Let $V$ be an $n$-dimensional real inner product space and let $a=\lbrace v_1,v_2,\dots v_n \rbrace$ be an orthonormal basis for $V$. Let $W$ be a subspace of $V$ with orthonormal basis $B = \lbrace w_1, w_2,\dots w_k\rbrace$. Let $A = \lbrace [w_1]a, [w_2]a,\dots [w_k]a\rbrace$ and let $P_w$ be the orthogonal projection onto $W$.
Show $[P_w]aa = AA^t$.
- What I have is $P_w(x) = w$
- $[P_w(x)]a = [P_w]aa[x]a$
- And since $A$ is a orthogonal matrix $AA^t=I$
I'm stuck on this step
Please help me out.
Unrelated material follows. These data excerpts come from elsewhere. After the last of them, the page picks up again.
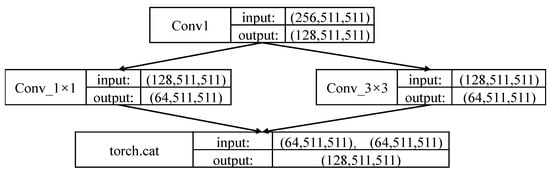 This paper utilizes two stacked hourglass networks for feature extraction, and the resolution of the output feature map is 64 × 64. The hourglass network is composed of two 3 × 3 convolutional layers and a skip connected residual block. However, the traditional hourglass network has too many parameters and costs lots of computation resources. Combining with the network of SqueezeNet [], a Fire Module is used in the hourglass network to reduce the processing amount of pixels, as shown in Figure 7. There are two main ways to reduce network complexity: (1) 1 × 1 convolution kernel is used to process the image and change the dimension of the image to reduce the network parameters. (2) An extended layer consists of a 1 × 1 and 3 × 3 convolution kernel is employed to provide the results.
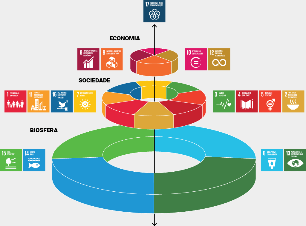 A Organização das Nações Unidas definiu um conjunto de parâmetros para a melhor adequação do funcionamento das sociedades atuais por meio do estabelecimento da Agenda 2030, na qual foram firmados os Objetivos do Desenvolvimento Sustentável (ODS), relacionados a três eixos práticos: a biosfera, a sociedade e a economia, conforme exposto na representação a seguir, extraída da página oficial do documento.
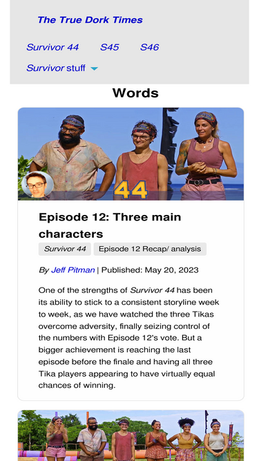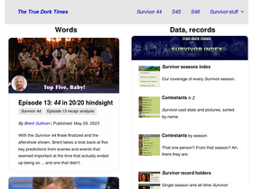 96%this site is a survivor fan community. with news and updates, cast profiles and a messageboard so fans can interact and give their feedback and opinions about the show. survivor cast profiles and photos and weekly survivor polls, survivor multimedia, survivor videos, survivor photos, survivor books, survivor dvd, survvior merchandise, plus much more.
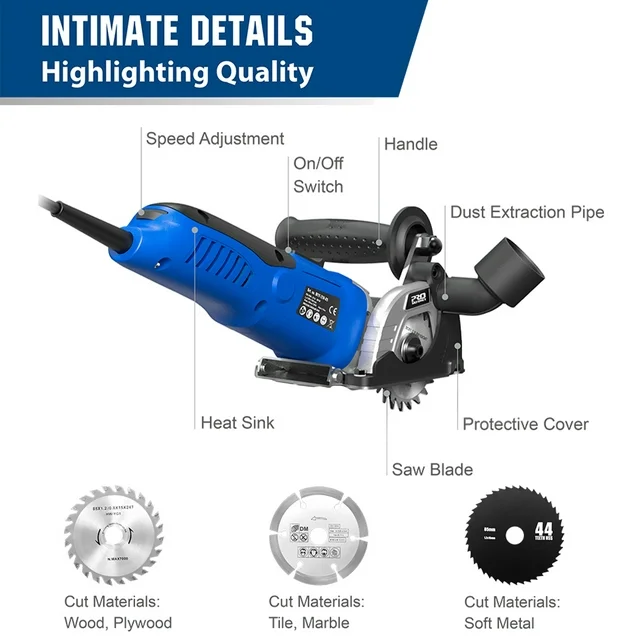 [Package Contents] -1 x Mini Circular Saw, 1 x 24T TCT Blade, 1 x 44T HSS Blade, 1 x Diamond Blade, 1 x Hex Wrench, 1 x Scale Ruler, 1 x Dust Exhaust Pipe, 1 x User Manual and a Storage Bag for easy carrying.

Thanks
Best Answer
The matrix $A$ takes a vector in the subspace $W$, considered as a copy of $\mathbb R^k$, expressed in the basis $B$, and returns the corresponding vector expressed in the basis $a$, as a member of $\mathbb R^n$.
The transpose of $A$ does the opposite: it takes a vector in $\mathbb R^n$, expressed in the basis $a$, and gives a vector that is intrinsic to the subspace $W$. This new vector is expressed in the basis $B$. This new vector, necessarily then, has lost any information about components outside of $W$.
So the transpose takes a general vector and projects it onto $W$, but you then only have that new vector expressed in terms of the the basis $B$. The original matrix $A$ converts any such vector back to the $a$ basis.
What you should show in order to prove this result is that any out-of-subspace components of an arbitrary input vector are reduced to zero as a result of this composition. You will need the images of the vectors $w_1, w_2, \ldots$ under $A^T$ to be able to decompose any arbitrary vector of $\mathbb R^n$ this way.